Book market – intellectual heart of the city
The book market has always been a favorite for international TV crews. In Saddam's days, it was the place of choice for thoughtful interviews and good English.While there, we'd often rummage through the fascinating array of new and second hand books.
Sometimes, amid the stock-in-trade Iraqi government propaganda, we'd come across a favorite old out-of-print paperback or a must have memento, like an elegantly illustrated book of Arab love poetry that I found one day.
|AFP - Getty Images|
|The formerly lively Al Mutanabi book market seen here in May 2006.|
After the fall of Saddam, the book market became a perfect place to test the ever-changing mood of the city. We would marvel at the quirky mix of all the new titles flooding in along with the technicolor posters of revered Shiite leaders, forbidden under the old regime.
But the insurgent attack on the book market in March that killed 38 people really ripped the heart out of Baghdad's intellectual and artistic soul.
Our translator had been there the week before and returned like a person transformed.
"I've had conversations there I haven't been able to have for years. It's just so free.
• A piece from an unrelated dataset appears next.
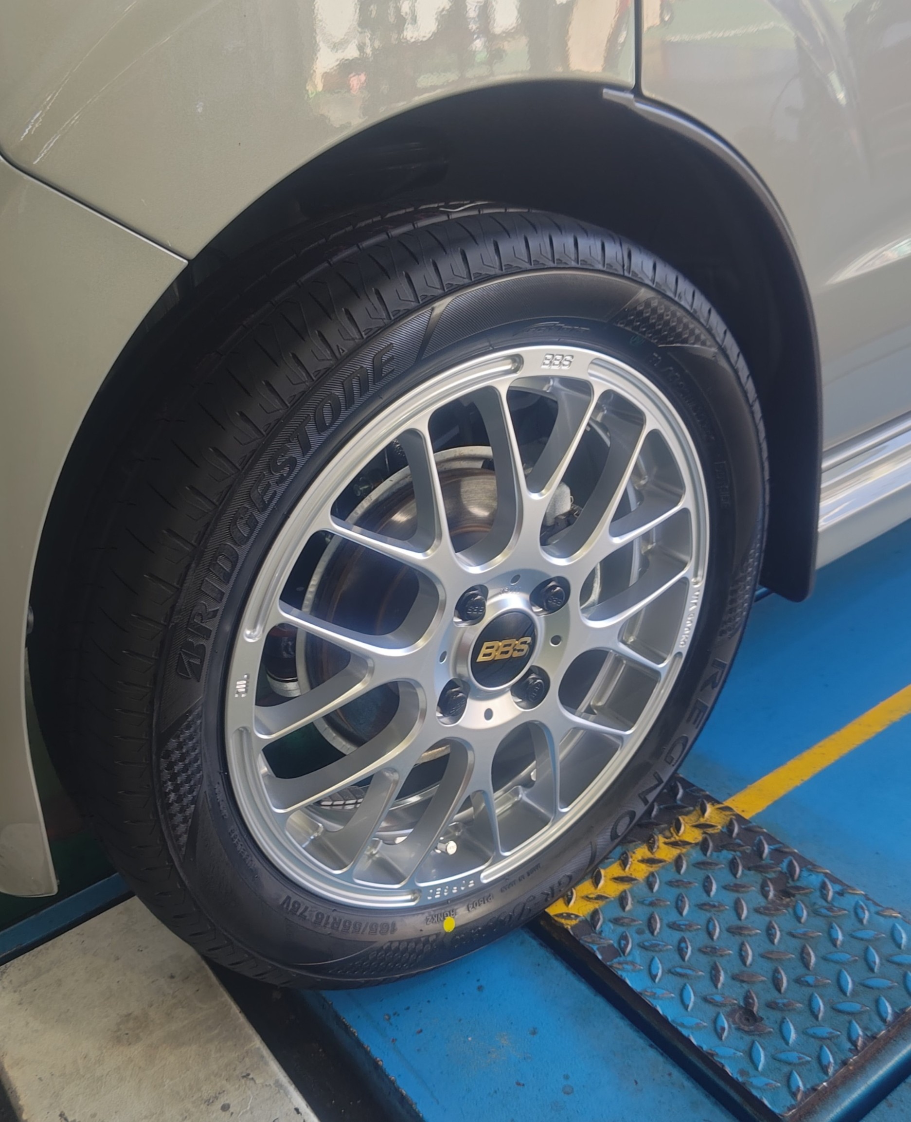 特徴的な細身のメッシュスポーク、中央に鎮座する黄金の立体ロゴエンブレム・・・そう、BBSです!!!!

It's brilliant," he beamed.
By the time he returned from the shoot, seven hours after we'd sent him out with a camera crew, our translator was so excited I decided not to ask what on earth he'd been doing all that time. Instead, I inquired about the pile of books now on his desk.
A flood of memories
"I bought two novels about dictatorship and torture in prisons in the Middle East and some other books on extremism and the changing political face of Iraq," he replied. Harry Potter was clearly not for him.
"The novels on torture are exactly the same ones I read after I was released from prison back in 1993, when I was only 17 years old," he said. "I found it really comforting back then to read how other people had been through the same thing as I had."
We'd never spoken about this before.
"So you were imprisoned and tortured?" I asked, tentatively.
"Oh yes, there were five of us who were arrested for a so-called coup against the government. It wasn't true of course. We were all kept in a dark, damp room dressed only in our underwear and chained to the wall. We were beaten regularly with thick cables, which hurt like hell, but don't leave scars."
Our translator says his friends didn't survive captivity – one committed suicide and the rest were hanged years after being arrested. He said that his friend's families only learned their fate when Iraqi authorities sent them a letter and asked them to pay for the rope they were hanged with.
"I was really lucky, though, and was released three weeks [after being arrested]. To this day, I still don't know why," he said.
He said he's suffered from the trauma of the experience, as well as survivor's guilt.
"I've tried and tried to write about it, but just can't," he said. "Yet books have been my escape."
Judging from the popularity of the long revered book market and the push to bring it back to life, it seems he is not alone and that many Iraqis look to books as an escape from the harsh reality of life.
* The names of local journalists are not used to protect their identity.